The UV exposure can also be carried out from OLCs obtained by another process than that of the invention. In an advantageous embodiment, the present invention relates to a process for the preparation of carbon onions, as defined above, wherein said carbon onions, obtained after exposure to microwaves, are exposed to UV under a controlled atmosphere. oxygen to make the aforesaid carbon hydrophilic onions, wherein the UV exposure is carried out in the air. The oxidation of OLCs in the air makes it possible to reduce the preparation costs compared with oxidation under pure oxygen.
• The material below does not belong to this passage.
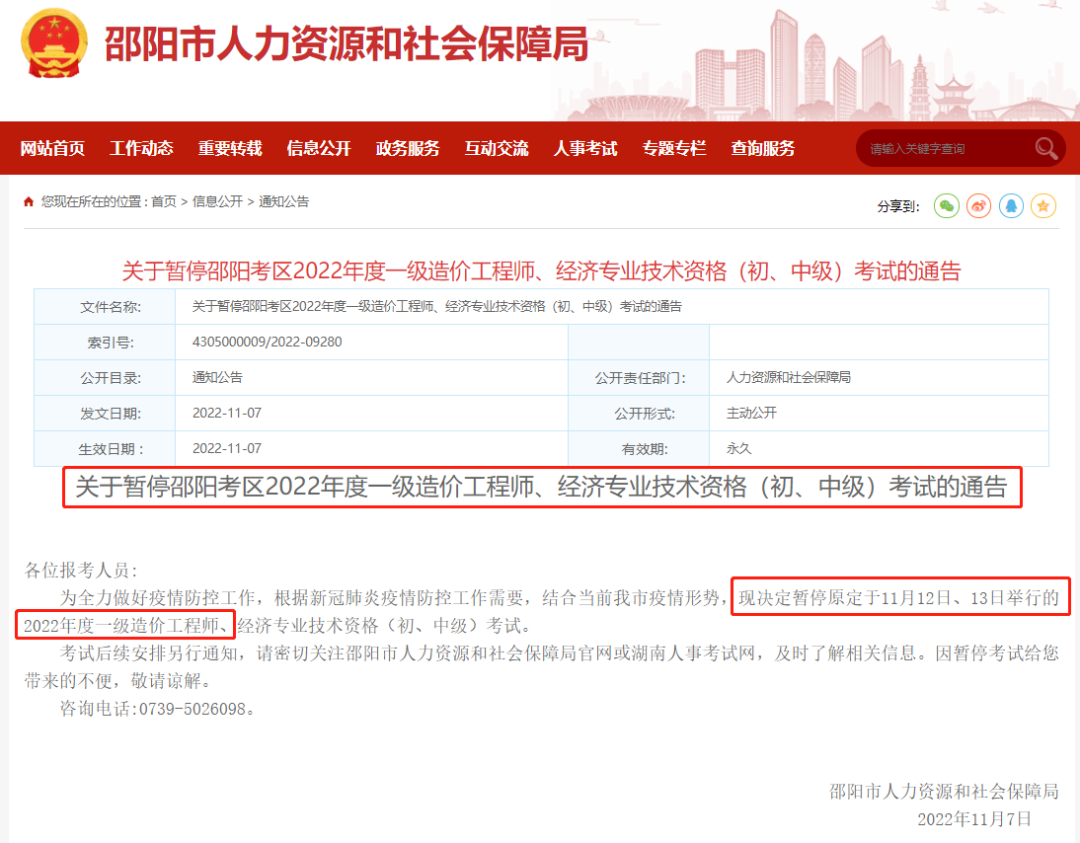 11月7日,湖南通知:我省2022年度經(jīng)濟(jì)專(zhuān)業(yè)技術(shù)資格、一級(jí)造價(jià)工程師考試準(zhǔn)考證暫緩打印。

In an advantageous embodiment, the present invention relates to a process for the preparation of carbon onions, as defined above, wherein said carbon onions, obtained after exposure to microwaves, are exposed to UV under a controlled atmosphere. oxygen to render the aforesaid hydrophilic carbon onions, wherein the wavelength of the UV is about 172 nm. The wavelength described above can be obtained for example by means of a Heraeus excimer lamp (Heraeus Noblelight). In an advantageous embodiment, the present invention relates to a process for the preparation of carbon onions, as defined above, wherein said carbon onions, obtained after exposure to microwaves, are exposed to UV under a controlled atmosphere. oxygen to make the above-mentioned hydrophilic carbon onions, wherein the air pressure before UV exposure is adjusted to about 200 mbar. Exposure takes place in a confined space, especially in a quartz tube that is placed under partial vacuum or pumped up to 200 mbar before exposure, in order to limit the absorption of UVs by the molecules present in the air. The confined space may be the same enclosure as defined above or another closed container. Advantageously, the distance between the NDs deposited in the tube, in particular in a crucible and the UV lamp is less than 10 cm, in particular less than 5 cm.
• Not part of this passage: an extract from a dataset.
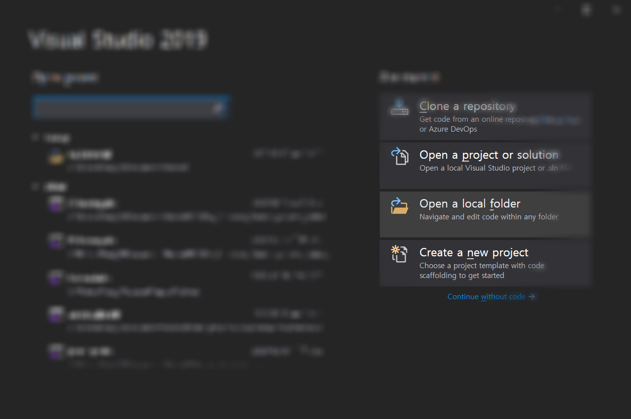 (2) 시작 화면에서 오른쪽의 "Open a local folder"를 선택합니다.

In an advantageous embodiment, the present invention relates to a process for the preparation of carbon onions, as defined above, wherein said carbon onions, obtained after exposure to microwaves, are exposed to UV under a controlled atmosphere. oxygen to make the above-mentioned hydrophilic carbon onions, wherein the UV exposure time is from 1 minute to 4 hours, in particular 2 hours.

In an advantageous embodiment, the present invention relates to a process for the preparation of carbon onions, as defined above, wherein said carbon onions, obtained after exposure to microwaves, are exposed to UV under a controlled atmosphere. oxygen to make the aforesaid carbon hydrophilic onions, wherein the microwave exposure and UV exposure are performed in the same chamber, in particular consisting of a quartz tube. Another advantage of the invention is to be able to use the same installation consisting of the same chamber for the step of preparing the OLCs from the NDs and the oxidation step of the OLCs formed and to implement both steps in if you.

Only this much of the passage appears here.